Data extract ->
- - - -
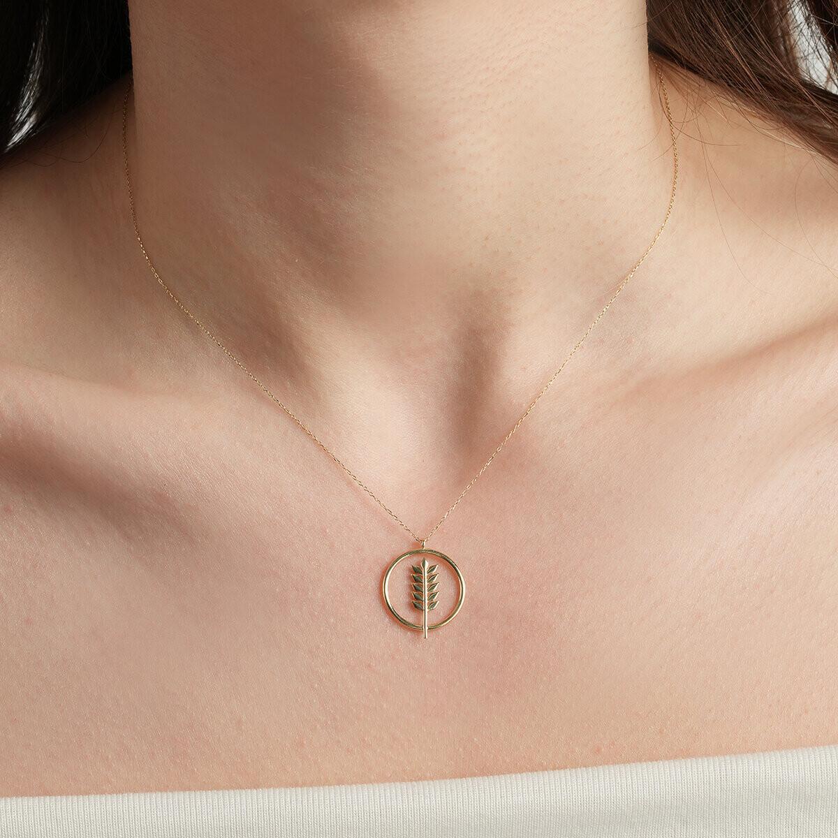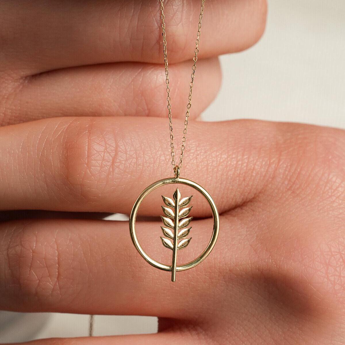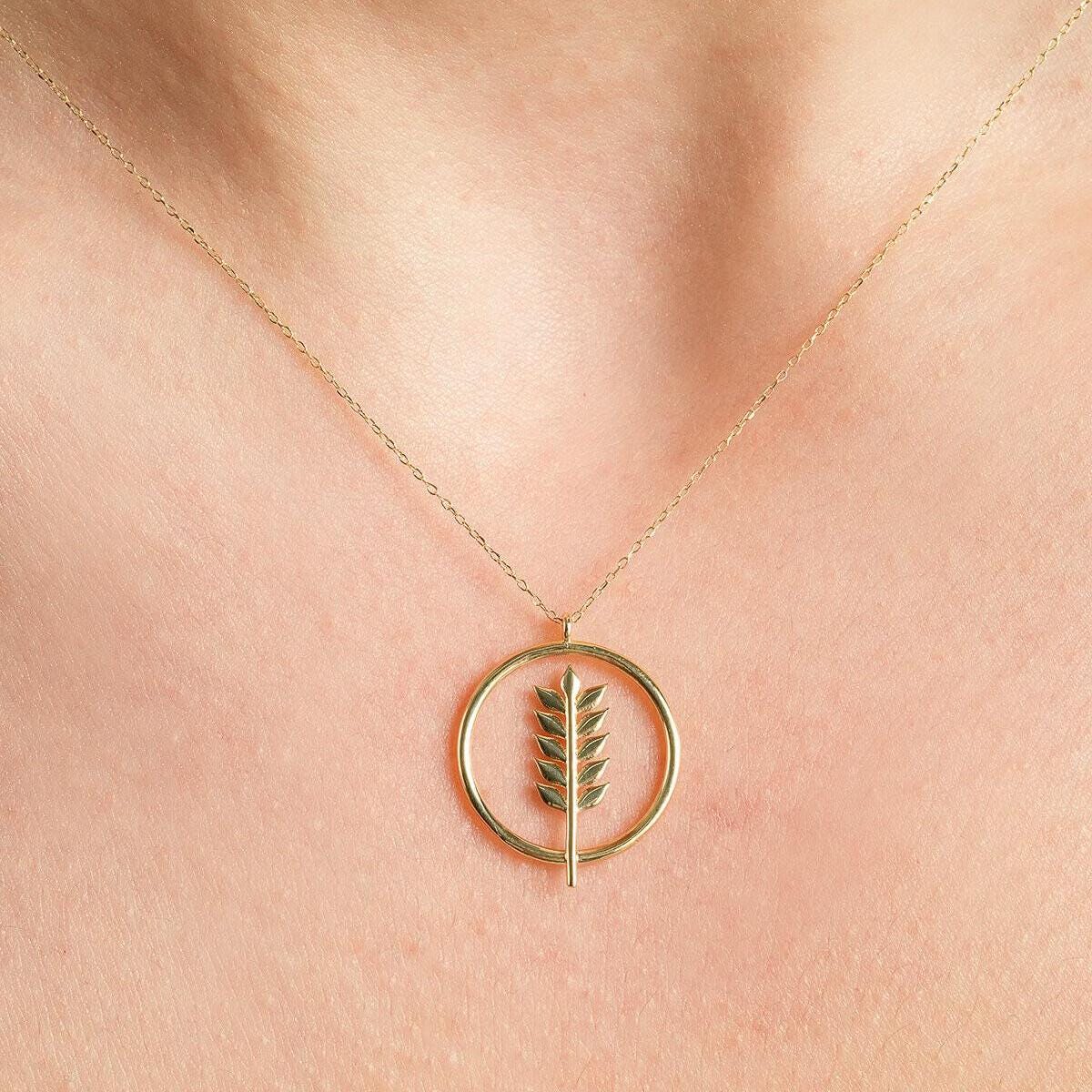 Celebrate nature, growth, and abundance with this elegant 14K Solid Gold Wheat Leaf Pendant Necklace. Designed with a delicate wheat branch framed inside a modern circle, this piece symbolizes prosperity, harmony, and new beginnings.
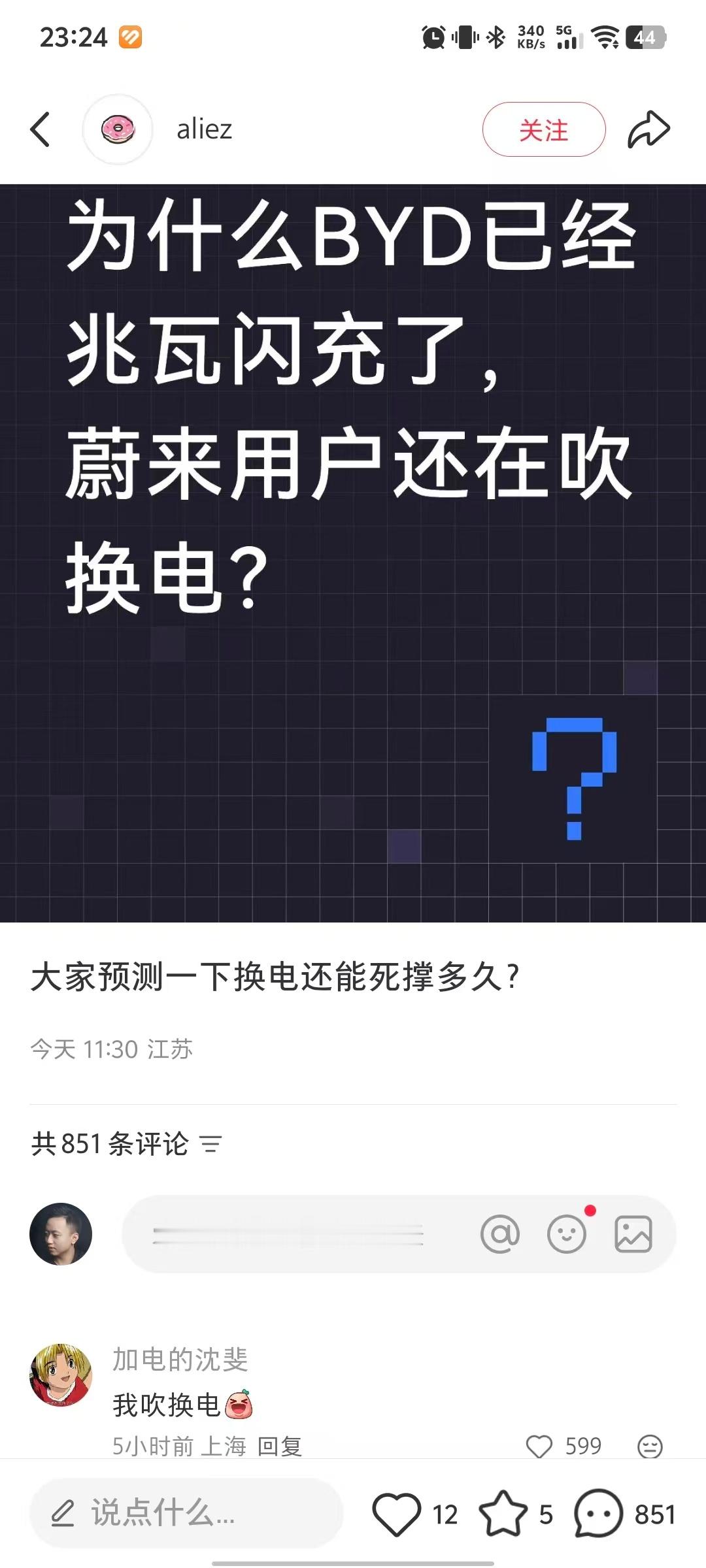 笑死了🤣,沈博高强度冲浪,直接跑到黑水那边去留言,当面打脸。其实我觉得原文的问题有逻辑漏洞,最大的漏洞,就是为什么都有兆瓦闪充了,蔚来用户依然在强烈喜欢和推荐换电呢?答案就是充电体验不行啊,哈哈哈哈大v聊车蔚来汽车[超话]
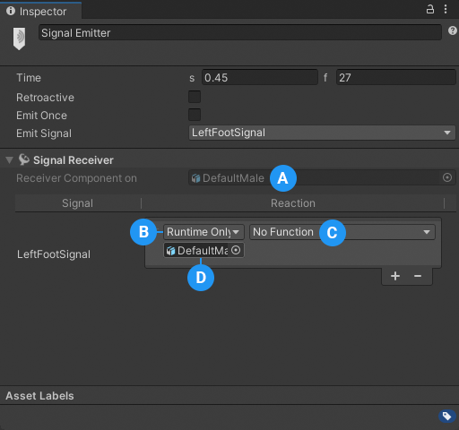 A Signal Asset defines the relationship between the Timeline Marker and the Signal Receiver. You can reuse a Signal Asset multiple times for many different Timeline Markers.
- - - -
What you have to do -> Would you set down every line of the data above exactly, skipping the pictures?

Your solution ->
 Celebrate nature, growth, and abundance with this elegant 14K Solid Gold Wheat Leaf Pendant Necklace. Designed with a delicate wheat branch framed inside a modern circle, this piece symbolizes prosperity, harmony, and new beginnings.
 笑死了🤣,沈博高强度冲浪,直接跑到黑水那边去留言,当面打脸。其实我觉得原文的问题有逻辑漏洞,最大的漏洞,就是为什么都有兆瓦闪充了,蔚来用户依然在强烈喜欢和推荐换电呢?答案就是充电体验不行啊,哈哈哈哈大v聊车蔚来汽车[超话]
 A Signal Asset defines the relationship between the Timeline Marker and the Signal Receiver. You can reuse a Signal Asset multiple times for many different Timeline Markers.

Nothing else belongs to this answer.